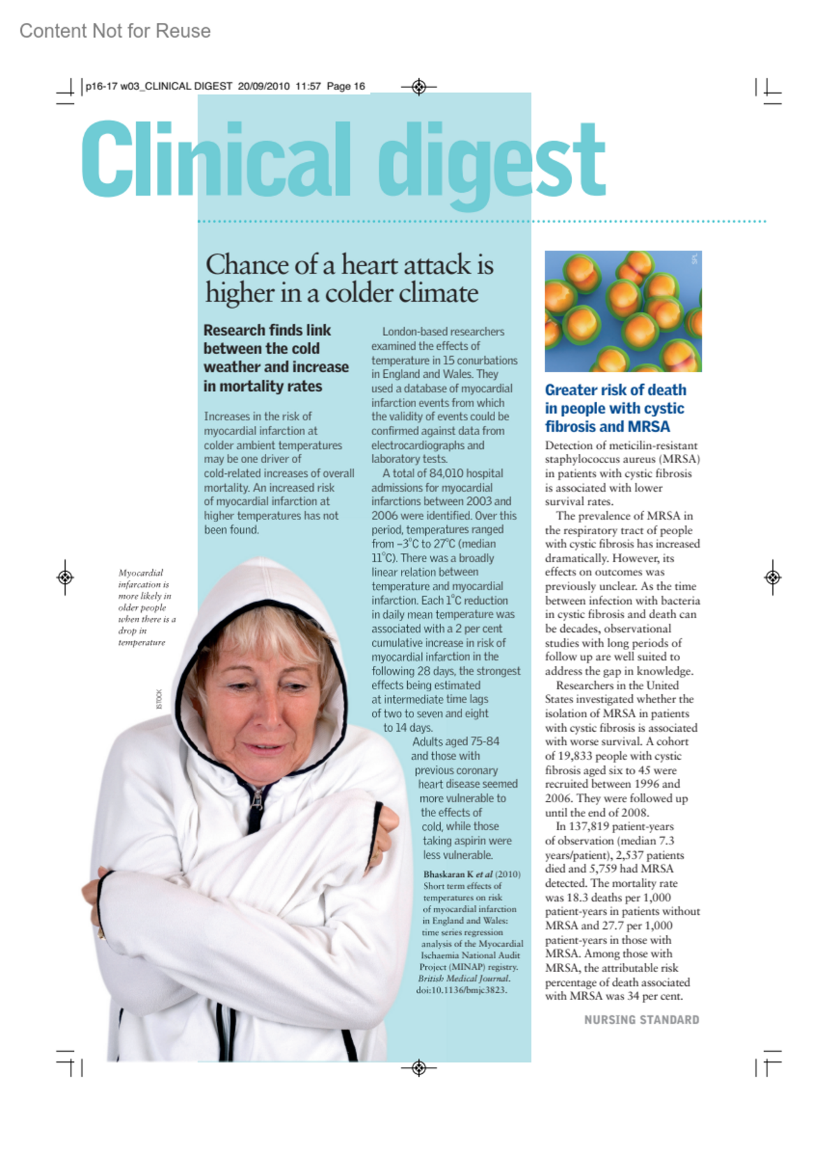 Greater risk of death in people with cystic fibrosis and MRSANursing Standard 25(3):p 16-17, September 22, 2010.Copyright © Copyright 2010 RCN Publishing Company Ltd.
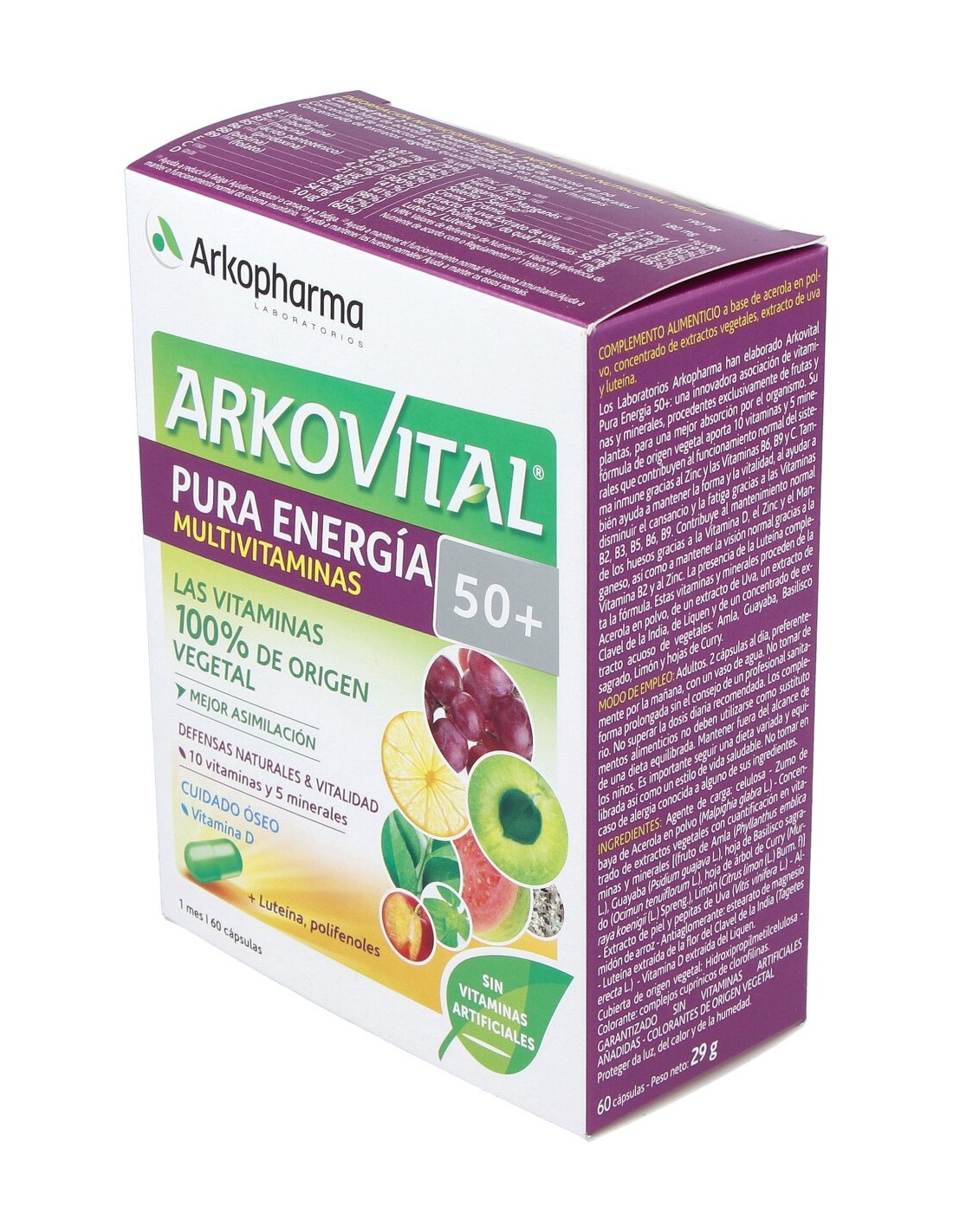 Por cápsula: Zumo de baya de acerola en polvo: 95 mg Concentrado de extractos vegetales cuantificado en vitaminas y minerales: 110 mg Extracto de uva: 40 mg/polifenoles: 28 mg
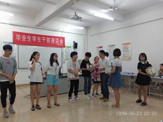 2018623日晚七点半,太阳成tyc122cc集团在腾飞楼B506举办了毕业生员工干部座谈会。出席本次座谈会的有吴铁军老师,闫维康老师,毕业生员工干部以及17届新员工会成员。交流会上,吴铁军和闫维康老师首先代表公司祝贺毕业生干部们圆满完成学业,表达了对她们的不舍和美好祝愿,以及对新一届员工会的期许。吴铁军老师、闫维康老师勉励同学们继承和发扬外院员工会优秀传统,能在自己的岗位上发光发热。

* _YOUR INSTRUCTIONS_: Look above for the line containing "Por cápsula: Zumo"; output that line and all lines after it through the last one exactly, without the pictures.

* _EXERCISE ANSWER_:
 Por cápsula: Zumo de baya de acerola en polvo: 95 mg Concentrado de extractos vegetales cuantificado en vitaminas y minerales: 110 mg Extracto de uva: 40 mg/polifenoles: 28 mg
 2018623日晚七点半,太阳成tyc122cc集团在腾飞楼B506举办了毕业生员工干部座谈会。出席本次座谈会的有吴铁军老师,闫维康老师,毕业生员工干部以及17届新员工会成员。交流会上,吴铁军和闫维康老师首先代表公司祝贺毕业生干部们圆满完成学业,表达了对她们的不舍和美好祝愿,以及对新一届员工会的期许。吴铁军老师、闫维康老师勉励同学们继承和发扬外院员工会优秀传统,能在自己的岗位上发光发热。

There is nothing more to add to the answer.